#### HOW TO COMPLETE THIS TASK:
Where the data below contains pictures, omit them; output the rest word for word.

#### RECORDED INFORMATION:
*** Begin section ***

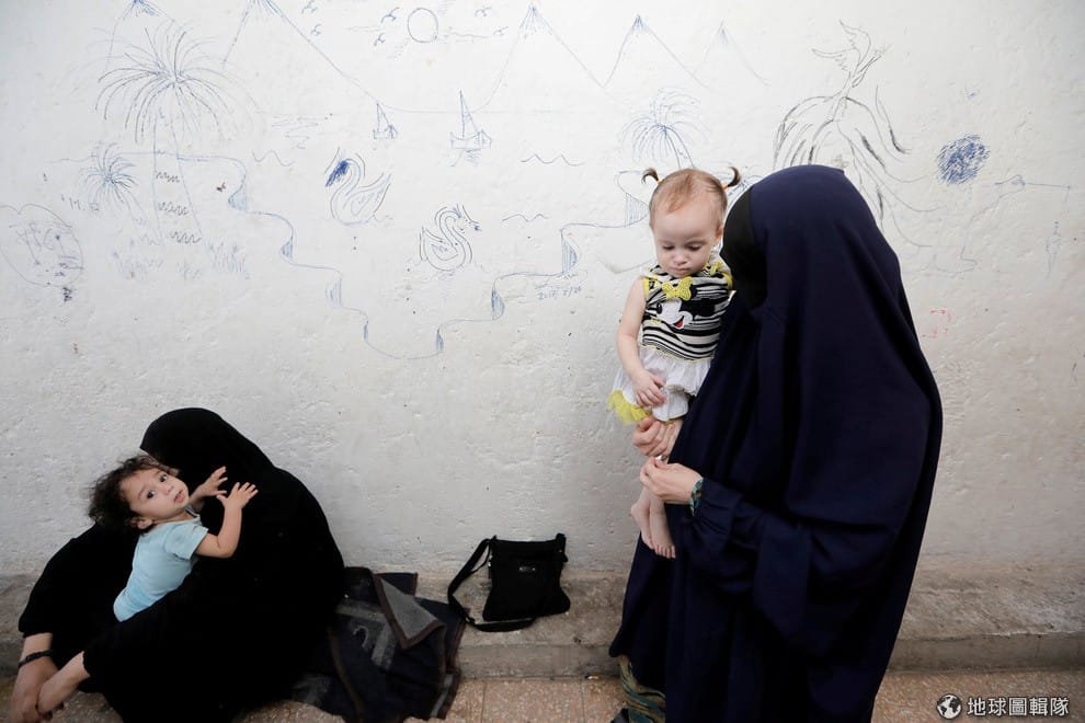 在收容難民的敘利亞拉卡城(Raqqa)北部,來自車臣的查札理瑪(Zarima,右)正在照顧她的孩子,她是一名前伊斯蘭國(IS)聖戰士的妻子。
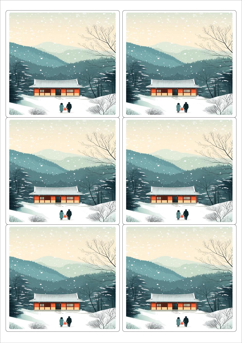 디자인된 A4 라벨지 출력용 라벨스티커, 규격코드: 223, 디자인코드: DA1577(귀향, 눈내리는 설날), 98.8 x 92.7 (mm)
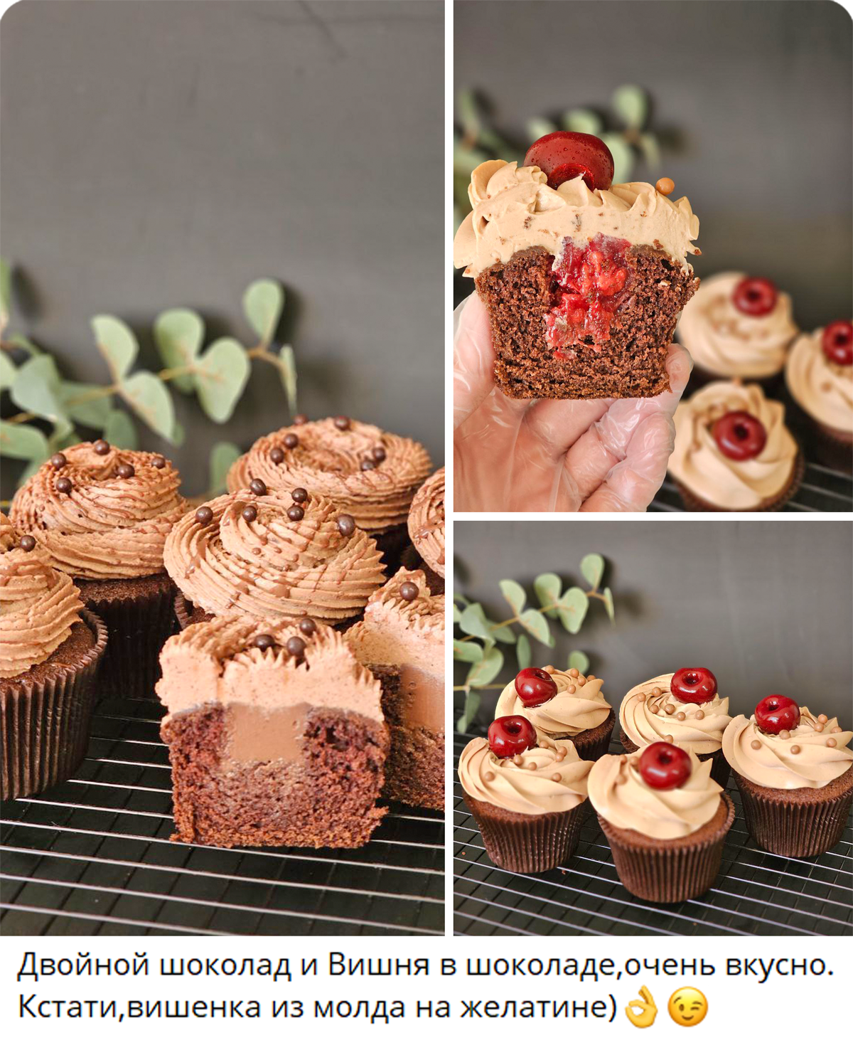 — Шоколадные капкейки с вишневой начинкой и кремом на молочном шоколаде

*** End section ***

#### RESPONSE BELOW:
 在收容難民的敘利亞拉卡城(Raqqa)北部,來自車臣的查札理瑪(Zarima,右)正在照顧她的孩子,她是一名前伊斯蘭國(IS)聖戰士的妻子。
 디자인된 A4 라벨지 출력용 라벨스티커, 규격코드: 223, 디자인코드: DA1577(귀향, 눈내리는 설날), 98.8 x 92.7 (mm)
 — Шоколадные капкейки с вишневой начинкой и кремом на молочном шоколаде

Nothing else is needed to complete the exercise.